- Born: Panadura, Sri Lanka

YouTube information
- Channel: Travel with Wife;
- Years active: 2018–present
- Genres: Adventure; travel;
- Subscribers: 550 thousand
- Views: 73.4 million

= Travel with Wife =

Sri Lankan online travel adventure channel

Travel with Wife is a YouTube travel adventure channel created by Sri Lankans Kasun and Chamari Deegoda Gamage. The channel hosts travel videos of destinations around the world. The first video in the series was uploaded on May 4, 2018.

==Personal life==
Deegoda Gamage Kasun Sampath was born on 27 July 1988 in Panadura. His father D.G Wajirawansa is a technician and his mother, M.D Somalatha is a homemaker. He has one younger sister. He completed his education at St.John's National School, Panadura. He is married to Undugodage Chamaranayani 'Chamari' Premarathne. Chamari was born on 1 November 1990 in Panadura. Her father U.M.M Premarathne is a businessman and her mother H.L.M Perera was a homemaker. She has one elder brother. She studied at Agamathi Balika Vidyalaya, Panadura. Chamari's mother died on 2 August 2021 due to COVID-19.

The couple has one daughter, Elina.

==History==
First, they shot a video during the Kandy tour for their wedding anniversary. Even they took pictures of that trip, they did not post them. However, after they went to Gampola, they started to take travel photos and post them on social media such as Facebook and Instagram. After seeing their travel photos, Ideal Hell company started to provide the equipment and other help needed to create videos of better quality and content.

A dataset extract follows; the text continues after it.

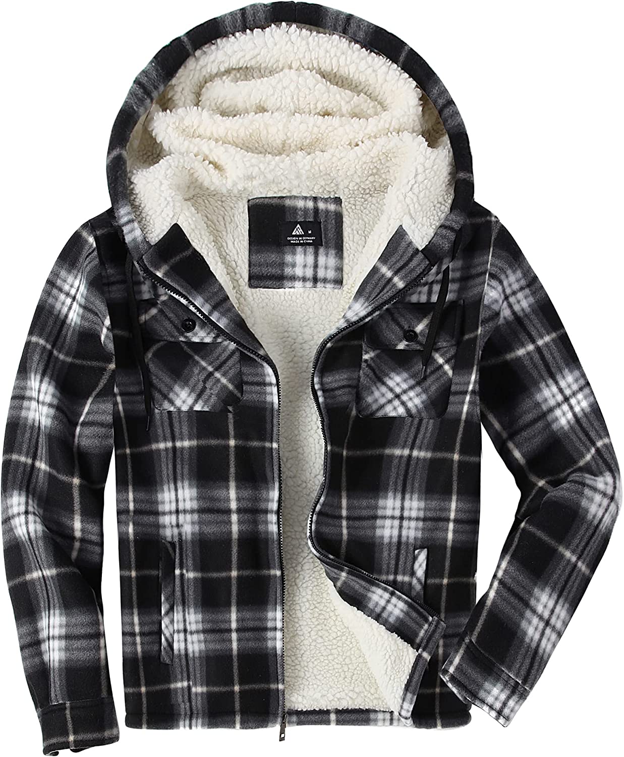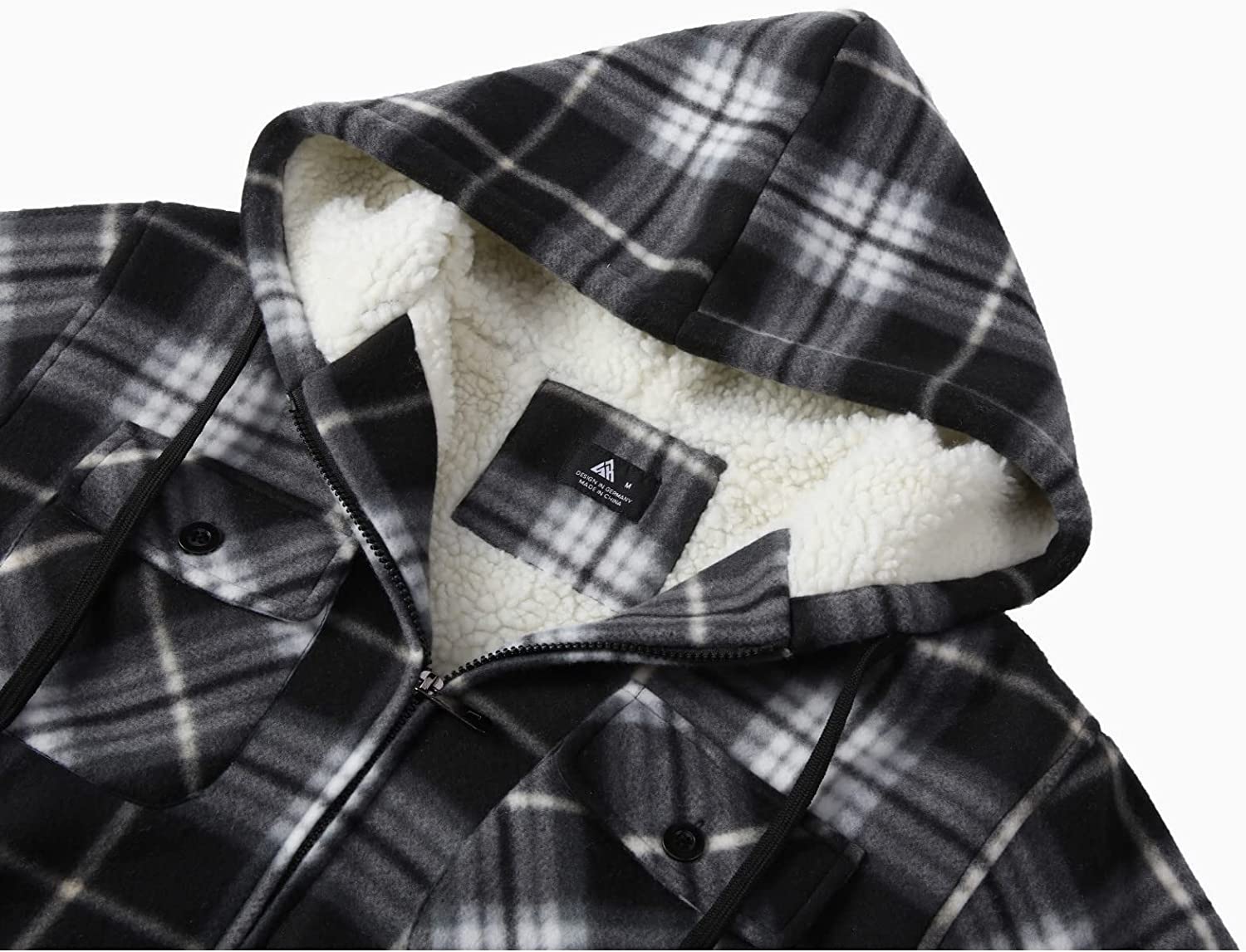 SCODI Men's Flannel Shirt Jacket Fleece Lined Plaid Coat Full Zip Up Hoodie Winter Outwear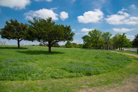 Local resident enjoys beautiful display of bluebonnet wildflowers and warm Spring weather at scenic farm near Dallas, Texas, USA. Blooming meadow prairie of state flower of Texas with mature trees

Meanwhile, they met popular television personality, Chathura Alwis who proposed the name Travel with Wife. They completed their first travel vlog on 4 May 2018 about Diyaluma Falls. Then they started to travel to many iconic places in Sri Lanka such as Ella, Sigirya, Jaffna, Pasikuda, Mirissa, Mannar, and Trincomalee and create videos and travel photos. In 2019, they collaborated with SriLankan Airlines to promote their Vesak event called 'The Spirit of SriLankan Airlines and magic of Vesak'. The video later won the Best Marketing Innovation at the 2020 APEX/IFSA Awards.

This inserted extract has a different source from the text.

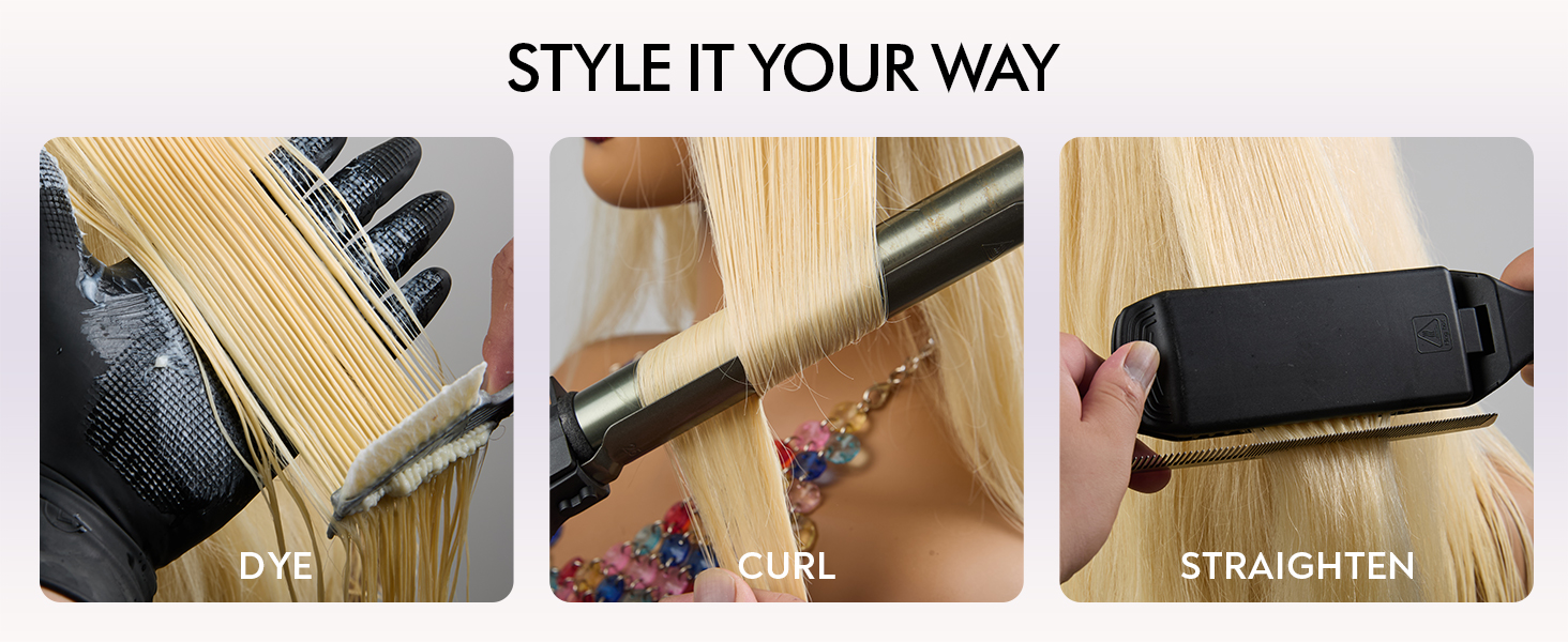 Can be bleached, stretched, dyed, permed, and styled as you like. Lasts 1–2 years with proper care.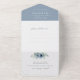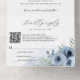 Whimsical Script Floral Dusty Blue QR Code Wedding All In One Invitation

Later in 2019, the YouTube channel won the award for Most Popular influencer of the year at Raigam Social Media Awards (SoMe). In the same year, they were involved with Dell Technologies and Road to Rights Youth Organization to start the initiative to prevent plastic pollution within the waters of Sri Lanka and recycle those plastics. In 2021, they became ambassadors for Sustainable Development Goal 14 (SDG 14): "Life Below Water" in the youth-led national campaign called "#ActionToImpact" initiated by The Road to Rights, to accelerate the progress of localizing Sustainable Development Goals in Sri Lanka in supporting UN Decade of Action and contributing to the Global Week to #Act4SDGs.